#### WORK TASK:
Set down only these lines, exactly: the line containing "Это исследование продемонстрировало, что" and all lines through the end of the data below. Omit pictures.

** INFORMATION SUPPLIED follows **

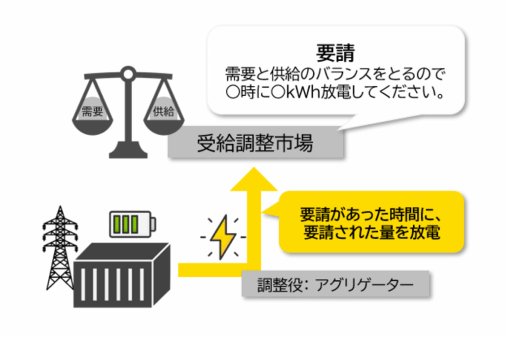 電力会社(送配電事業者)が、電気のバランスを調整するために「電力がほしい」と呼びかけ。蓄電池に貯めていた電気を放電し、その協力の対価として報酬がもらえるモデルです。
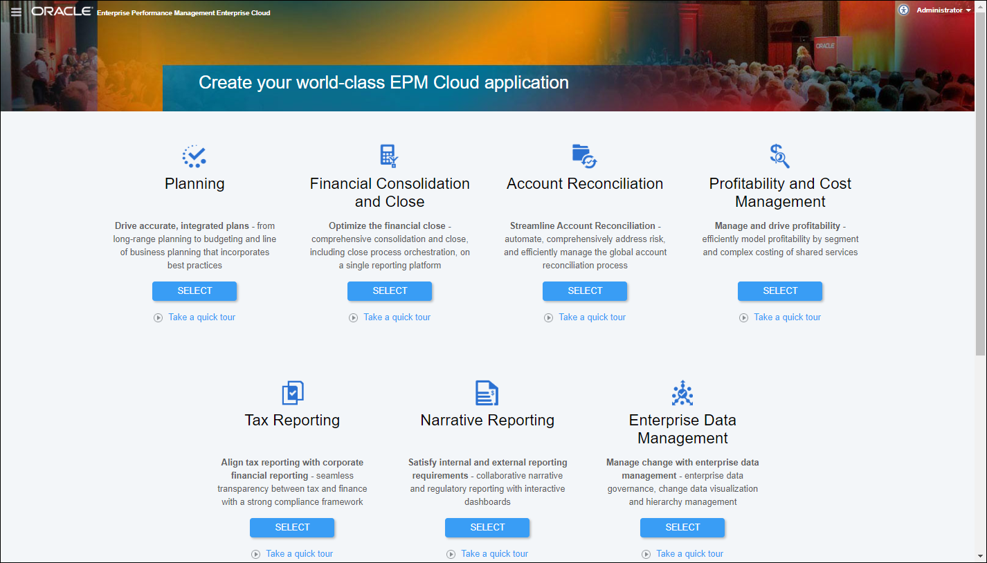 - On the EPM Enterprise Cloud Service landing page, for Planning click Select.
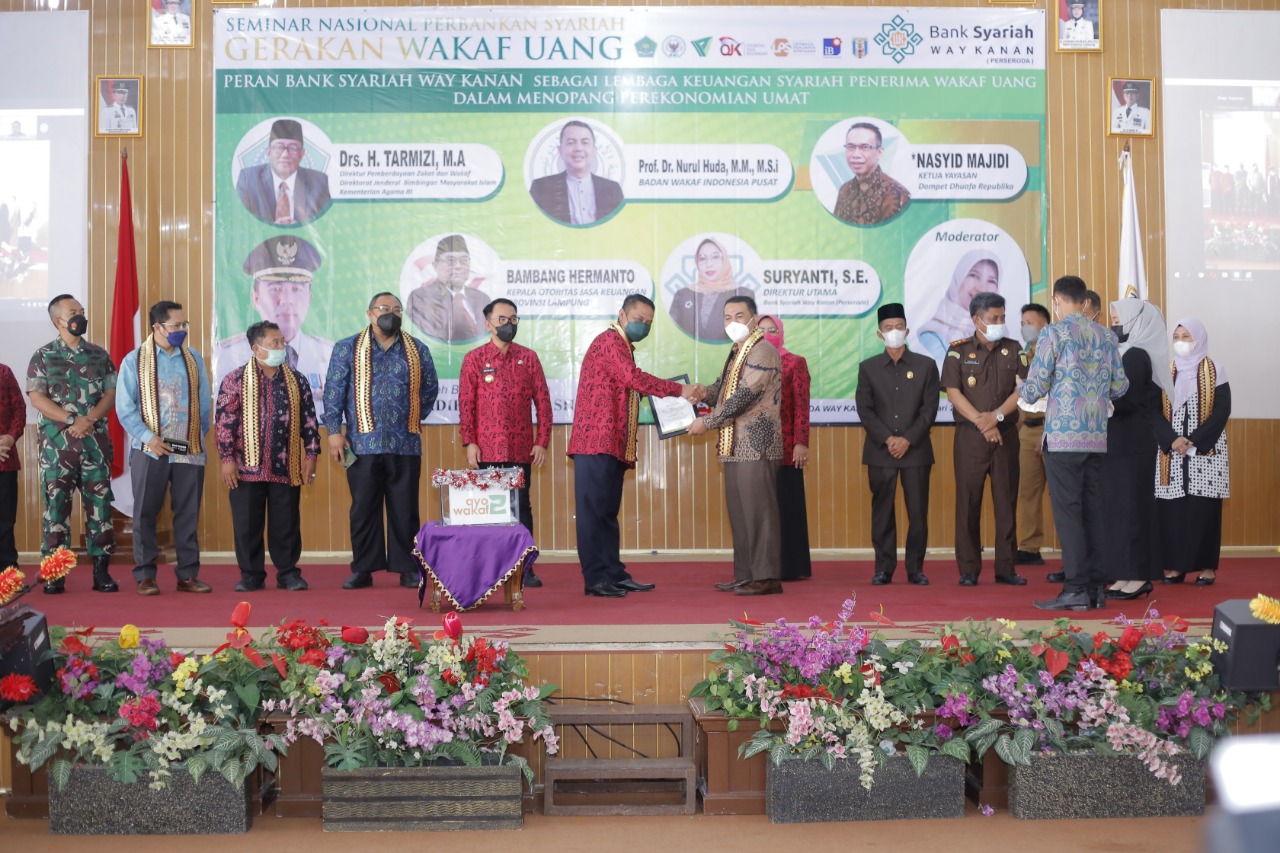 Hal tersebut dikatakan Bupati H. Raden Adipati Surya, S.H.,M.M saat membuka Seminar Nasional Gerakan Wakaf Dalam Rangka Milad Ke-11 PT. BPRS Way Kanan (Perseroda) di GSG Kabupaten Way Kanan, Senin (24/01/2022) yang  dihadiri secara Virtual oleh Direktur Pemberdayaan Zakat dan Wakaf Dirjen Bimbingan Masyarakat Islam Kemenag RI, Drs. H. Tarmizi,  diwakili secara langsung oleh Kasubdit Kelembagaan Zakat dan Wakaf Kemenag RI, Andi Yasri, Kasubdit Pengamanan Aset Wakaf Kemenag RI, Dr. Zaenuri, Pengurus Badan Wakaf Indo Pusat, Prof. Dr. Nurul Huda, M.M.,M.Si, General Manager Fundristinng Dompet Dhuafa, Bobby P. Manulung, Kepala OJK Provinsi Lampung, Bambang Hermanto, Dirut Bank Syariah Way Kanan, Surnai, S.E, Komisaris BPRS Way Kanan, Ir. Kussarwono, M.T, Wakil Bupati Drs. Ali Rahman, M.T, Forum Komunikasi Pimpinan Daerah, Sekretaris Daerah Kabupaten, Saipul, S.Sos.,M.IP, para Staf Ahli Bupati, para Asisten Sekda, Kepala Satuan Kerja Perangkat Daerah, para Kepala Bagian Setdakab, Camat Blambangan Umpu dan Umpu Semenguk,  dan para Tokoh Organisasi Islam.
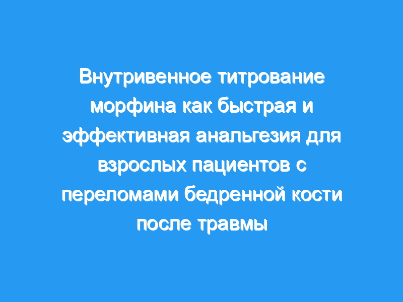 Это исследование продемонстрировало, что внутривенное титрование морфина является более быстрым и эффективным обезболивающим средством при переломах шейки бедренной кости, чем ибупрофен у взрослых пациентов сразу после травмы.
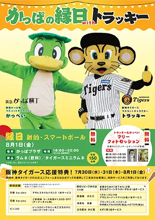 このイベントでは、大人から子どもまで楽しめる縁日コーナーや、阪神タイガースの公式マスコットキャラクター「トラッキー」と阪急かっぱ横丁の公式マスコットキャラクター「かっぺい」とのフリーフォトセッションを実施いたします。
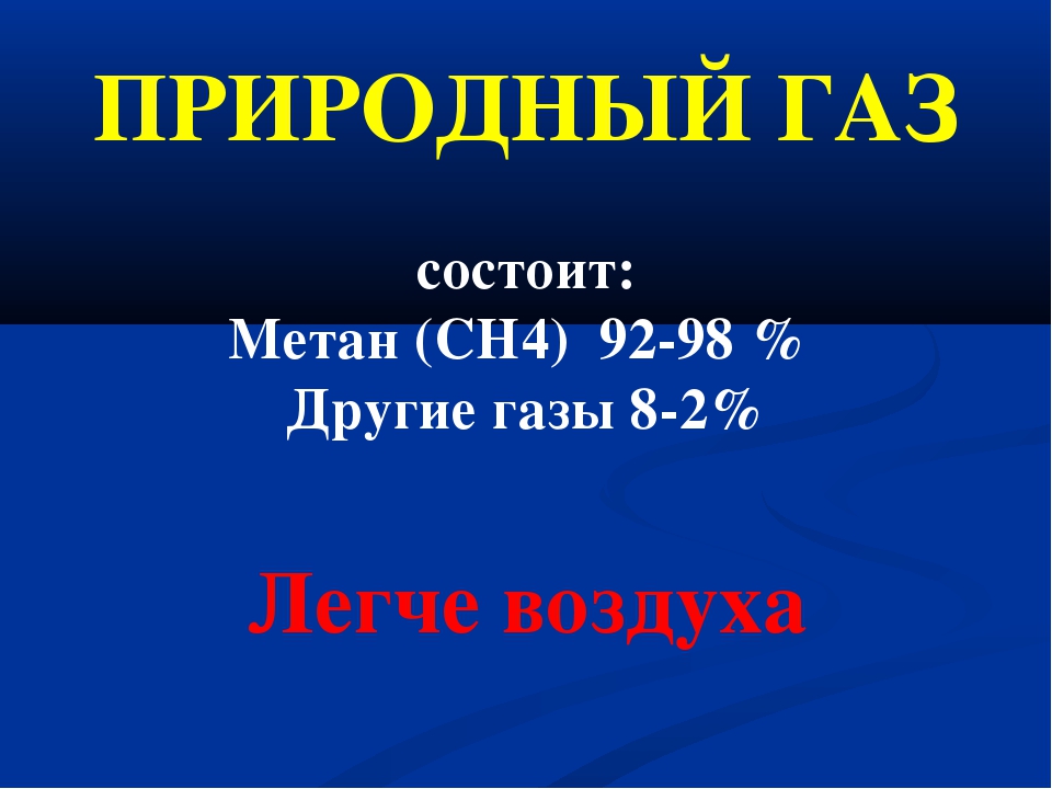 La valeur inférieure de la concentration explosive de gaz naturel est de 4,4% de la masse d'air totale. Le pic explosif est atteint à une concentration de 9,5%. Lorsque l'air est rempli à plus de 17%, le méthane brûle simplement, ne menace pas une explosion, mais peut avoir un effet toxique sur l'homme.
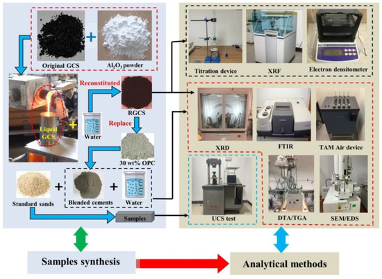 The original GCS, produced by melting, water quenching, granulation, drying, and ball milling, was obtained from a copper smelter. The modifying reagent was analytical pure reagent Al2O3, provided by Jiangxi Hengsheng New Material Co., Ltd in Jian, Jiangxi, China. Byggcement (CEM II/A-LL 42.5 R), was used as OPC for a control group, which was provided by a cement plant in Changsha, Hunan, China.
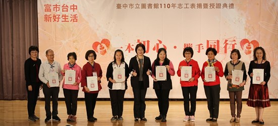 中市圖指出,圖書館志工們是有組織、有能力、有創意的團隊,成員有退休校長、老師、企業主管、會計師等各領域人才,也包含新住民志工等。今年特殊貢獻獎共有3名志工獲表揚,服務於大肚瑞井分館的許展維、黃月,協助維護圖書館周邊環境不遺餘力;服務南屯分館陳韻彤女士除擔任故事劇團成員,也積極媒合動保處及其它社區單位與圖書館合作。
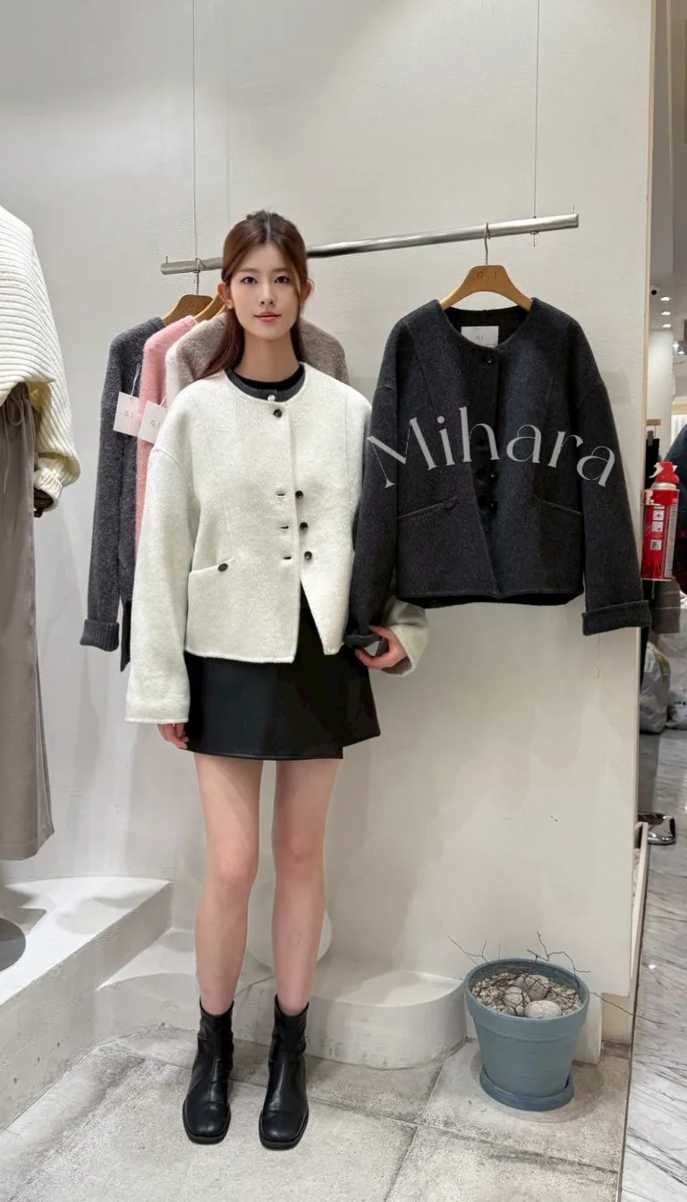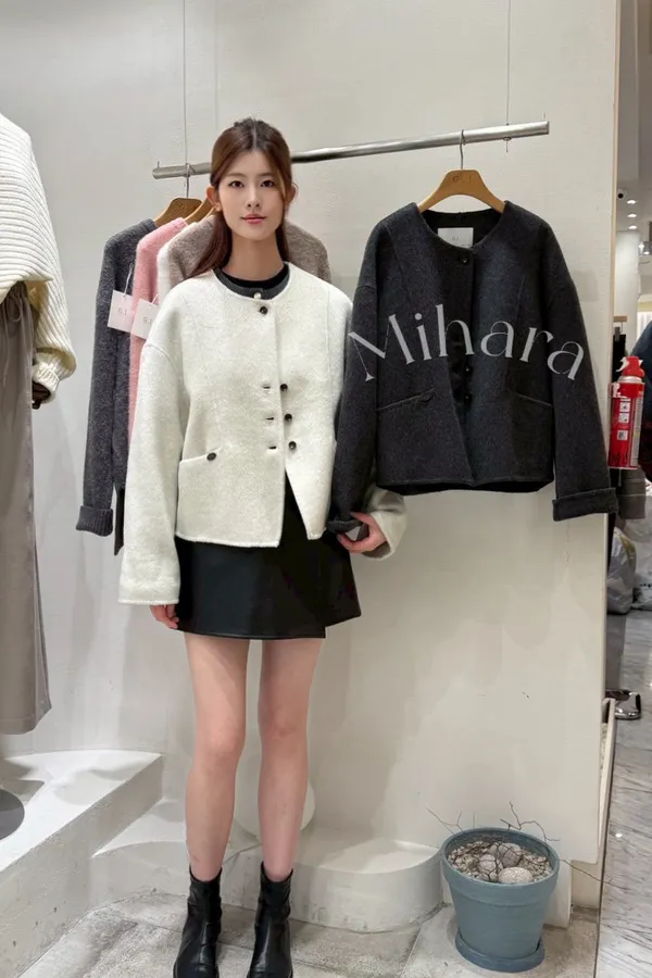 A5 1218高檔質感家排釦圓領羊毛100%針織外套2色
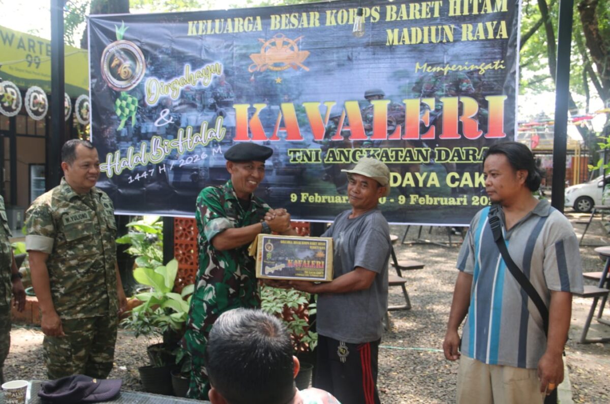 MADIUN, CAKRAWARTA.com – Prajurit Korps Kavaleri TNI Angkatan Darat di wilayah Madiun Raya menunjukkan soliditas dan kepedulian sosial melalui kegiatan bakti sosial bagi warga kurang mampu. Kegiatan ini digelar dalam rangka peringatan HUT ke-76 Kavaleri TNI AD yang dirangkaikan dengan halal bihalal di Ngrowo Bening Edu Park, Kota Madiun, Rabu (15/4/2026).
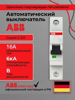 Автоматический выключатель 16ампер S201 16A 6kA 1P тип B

** End of INFORMATION SUPPLIED **

#### EXERCISE RESPONSE:
 Это исследование продемонстрировало, что внутривенное титрование морфина является более быстрым и эффективным обезболивающим средством при переломах шейки бедренной кости, чем ибупрофен у взрослых пациентов сразу после травмы.
 このイベントでは、大人から子どもまで楽しめる縁日コーナーや、阪神タイガースの公式マスコットキャラクター「トラッキー」と阪急かっぱ横丁の公式マスコットキャラクター「かっぺい」とのフリーフォトセッションを実施いたします。
 La valeur inférieure de la concentration explosive de gaz naturel est de 4,4% de la masse d'air totale. Le pic explosif est atteint à une concentration de 9,5%. Lorsque l'air est rempli à plus de 17%, le méthane brûle simplement, ne menace pas une explosion, mais peut avoir un effet toxique sur l'homme.
 The original GCS, produced by melting, water quenching, granulation, drying, and ball milling, was obtained from a copper smelter. The modifying reagent was analytical pure reagent Al2O3, provided by Jiangxi Hengsheng New Material Co., Ltd in Jian, Jiangxi, China. Byggcement (CEM II/A-LL 42.5 R), was used as OPC for a control group, which was provided by a cement plant in Changsha, Hunan, China.
 中市圖指出,圖書館志工們是有組織、有能力、有創意的團隊,成員有退休校長、老師、企業主管、會計師等各領域人才,也包含新住民志工等。今年特殊貢獻獎共有3名志工獲表揚,服務於大肚瑞井分館的許展維、黃月,協助維護圖書館周邊環境不遺餘力;服務南屯分館陳韻彤女士除擔任故事劇團成員,也積極媒合動保處及其它社區單位與圖書館合作。
 A5 1218高檔質感家排釦圓領羊毛100%針織外套2色
 MADIUN, CAKRAWARTA.com – Prajurit Korps Kavaleri TNI Angkatan Darat di wilayah Madiun Raya menunjukkan soliditas dan kepedulian sosial melalui kegiatan bakti sosial bagi warga kurang mampu. Kegiatan ini digelar dalam rangka peringatan HUT ke-76 Kavaleri TNI AD yang dirangkaikan dengan halal bihalal di Ngrowo Bening Edu Park, Kota Madiun, Rabu (15/4/2026).
 Автоматический выключатель 16ампер S201 16A 6kA 1P тип B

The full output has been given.